The two consumer migrations:

- **Kernel**: drops `kernel-make-env`, `kernel-extend-env`, `kernel-env-bind!`, `kernel-env-has?`, `kernel-env-lookup`. Replaces with `refl-*` calls on the canonical shape. Rename `:knl-tag` → `:refl-tag`. No semantic change.
- **Tcl**: keeps its `{:level :locals :parent}` shape but defines a Tcl-cfg adapter. `frame-lookup` becomes `(refl-env-lookup-with tcl-frame-cfg frame name)`. `frame-set-top` stays where it is — Tcl needs functional updates for the assoc-back-to-interp chain. The kit accommodates both, just like `match.sx` accommodates miniKanren's wire shape and Haskell's term shape.

## Roadmap

### Phase 1 — Skeleton + Kernel migration

- [ ] Create `lib/guest/reflective/env.sx` with the canonical wire shape and mutable defaults.
- [ ] Migrate `lib/kernel/eval.sx` to use `refl-make-env` / `refl-extend-env` / `refl-env-*`. Rename `:knl-tag` → `:refl-tag` in env values only (operatives/applicatives keep their own tags for now).
- [ ] All 322 Kernel tests must stay green.

### Phase 2 — Tcl adapter

- [ ] Add `tcl-frame-cfg` in `lib/tcl/runtime.sx`. Wire it through `frame-lookup` and `tcl-frame-nth` callers via `refl-env-lookup-with`. Keep Tcl's level/locals/parent shape unchanged.
- [ ] Tcl test suite (must not regress).

### Phase 3 — Documentation + cross-reference

- [ ] Update `plans/kernel-on-sx.md` to mark Phase 7's *env.sx* extraction as DONE (one of six). Keep the other five blocked.
- [ ] Add `lib/guest/reflective/env.sx` header docstring listing both consumers and pointing at this plan.

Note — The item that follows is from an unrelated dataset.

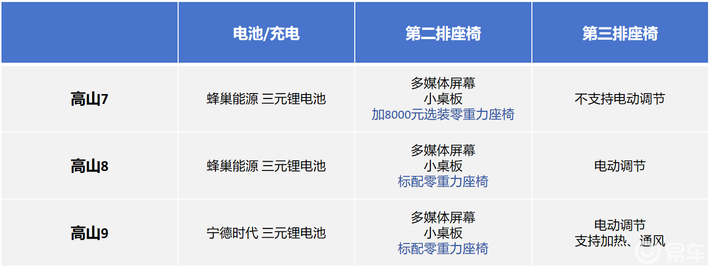 除了体型,高山7、8、9三款车配置差异不大,发动机型号和变速箱均相同,高山7和高山8采用蜂巢能源三元锂电池,而高山9采用宁德时代电芯。智能化方面,三台车也是齐平的,智能辅助驾驶的硬件均为英伟达Orin-X芯片+3毫米波雷达+1个激光雷达。下表总结出不同点。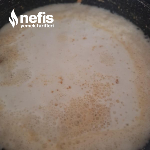 4. Rengi dönünce köpük köpük olan süt karışımımızı ekliyoruz.

### Phase 4 — Quick wins identified along the way

- [ ] Tcl's `tcl-frame-nth` (index into call stack by level) is the start of a *stack-frame protocol* — separate from the scope-chain protocol. Tcl needs it; Kernel doesn't. Document as "language-specific extension on top of the shared kit"; consider extracting later if a third consumer (Scheme `call-with-values`, CL `compiler-let`) needs frame-level indexing.

## Non-goals

- **Do not extract `combiner.sx`, `evaluator.sx`, `hygiene.sx`, `quoting.sx`, or `short-circuit.sx`** in this branch. Tcl doesn't have operatives/applicatives; the two-consumer rule isn't satisfied for those files. They stay documented-only in `plans/kernel-on-sx.md` until a Scheme/Maru/CL-fexpr consumer arrives.
- **Do not change Tcl's update model to mutable**. The functional `frame-set-top` is structural — it's how Tcl threads the interp through `tcl-var-set`/`tcl-var-get`. Don't break it.
- **Do not unify the env-lookup error semantics**. Kernel raises; Tcl returns nil. The kit offers both (`refl-env-lookup` and `refl-env-lookup-or-nil`) and consumers pick.

## Validation criteria

The extraction is real iff:

1. Both consumers compile and pass their full test suites unchanged.
2. The shared `env.sx` file is ≥80 LoC (substantial enough to be worth sharing) and ≤200 LoC (small enough that the cfg adapter pattern doesn't become its own framework).
3. A third consumer in the future can adopt the kit by writing only the cfg dict — no algorithm changes to `env.sx`.

## References

- `plans/kernel-on-sx.md` — the kernel-on-sx loop's chisel notes; the six candidate API surfaces are documented there.
- `lib/guest/match.sx` — precedent for the adapter-cfg extraction pattern.
- `lib/tcl/runtime.sx` lines 5–22 (`make-frame`, `frame-lookup`, `frame-set-top`) — the Tcl consumer's current implementation.
- `lib/kernel/eval.sx` lines 39–82 (env block) — the Kernel consumer's current implementation.